Texas Seems Poised to Outperform the National Economy

Ah Texas, oh Texas....

WSJ.com - Amid Solid Growth in Employment, Texas Seems Poised to Outperform the National Economy Texas, the nation's third-largest state economy, created 293,000 net jobs last year, its highest total since 1998, according to an analysis by the Federal Reserve Bank of Dallas. The state's 3% job-growth rate was double that of the U.S. as a whole. And Dallas Fed economist Fiona Sigalla predicts the state will create jobs at a slightly faster pace this year than last.

I dislike making specious correlations, but I wonder, does “illegal” immigration have anything to do with these economic numbers? Texas is probably one of the states with the highest number of Mexican border-crossers.....hmmmmm.

But the low cost of living here is luring other companies to the state, economists say.

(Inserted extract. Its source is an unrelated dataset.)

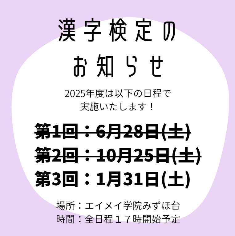 エイメイ学院では、漢字検定を受検することができます📝 (別校舎ですが、英検も受けられます) 漢字検定を受けるメリット、オススメの勉強法については、 以前にもブログで述べましたのでコチラ👇️を参照ください 定期 […]

Texas has no personal-income tax. From March 2000 though March 2006, as home prices doubled in some coastal areas, home prices rose just 31% in Texas. The median single-family home price today in Texas is just $139,000, compared with $217,000 for the U.S. as a whole.

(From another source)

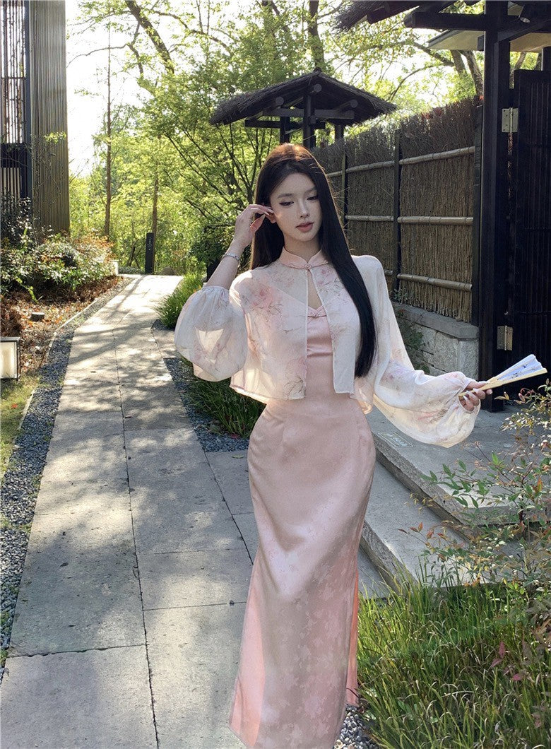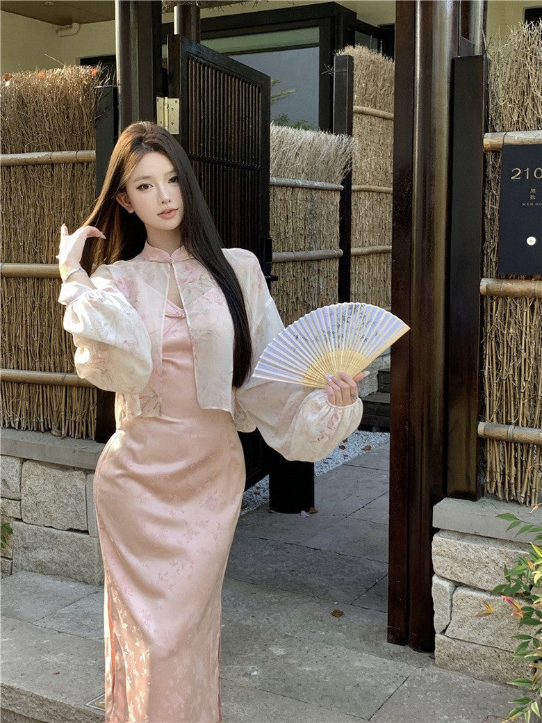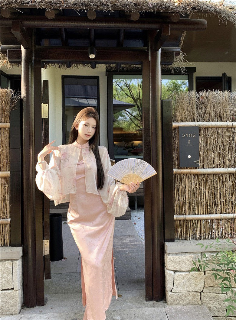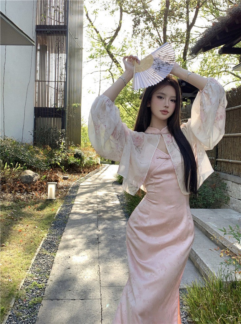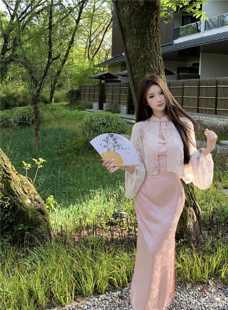 Na+ 出水芙蓉改良式旗袍連身裙 粉色

The low cost of living could be a long-term advantage. Home-price appreciation in Texas is expected to outpace that of the rest of the country over the next couple of years. But Texas is unlikely to ever close the gap. Unlike California or the Northeast, Texas has few of the constraints that squeeze development and push up housing prices. Thousands of relatively affordable homes are being constructed each year on the fringes of the state's major cities.

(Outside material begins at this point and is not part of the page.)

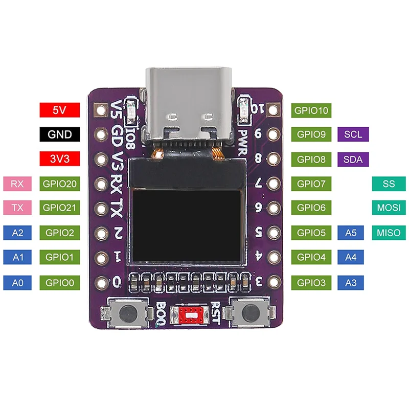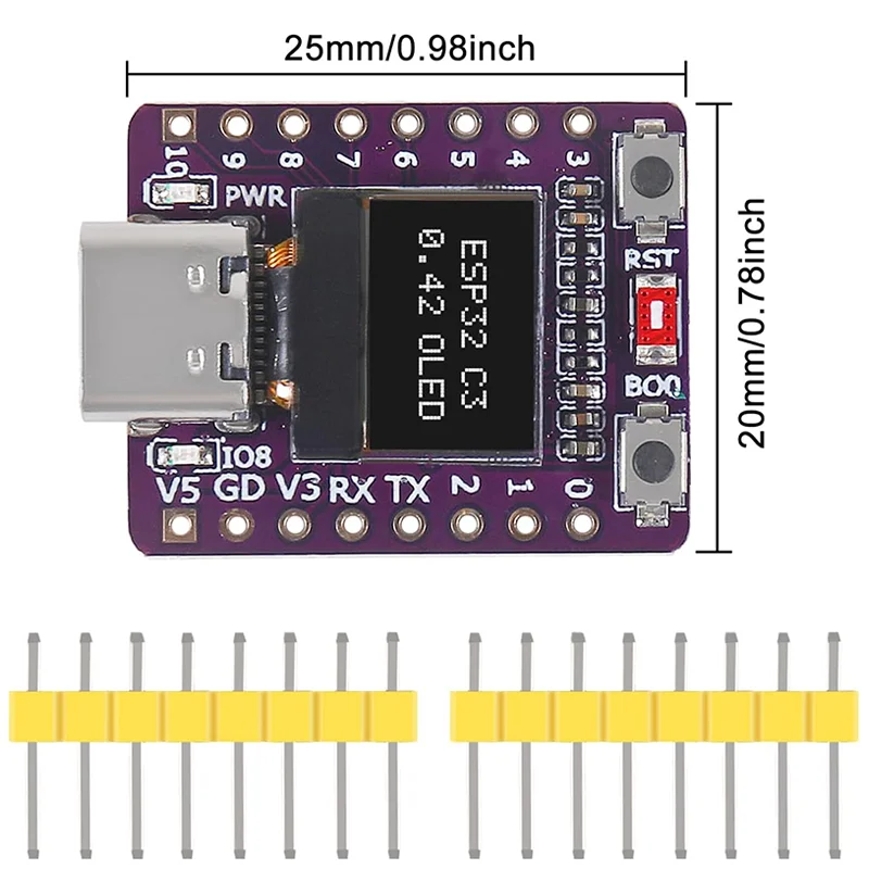 Aokin ESP32-C3 Development Board With 0.42 Inch OLED Module Ceramic Antenna Wifi Bluetooth ESP32 Supermini Development Board

“We basically have an unlimited supply of land,” said Mark Dotzour, chief economist of the Real Estate Center at Texas A&M University. “And we have a population that doesn't mind getting in their big pickup truck and driving a long ways to work each day.”

Don't know about that assertion. Unlimited supply of land, in West Texas where everyone waves at everyone because the population density is so sparse.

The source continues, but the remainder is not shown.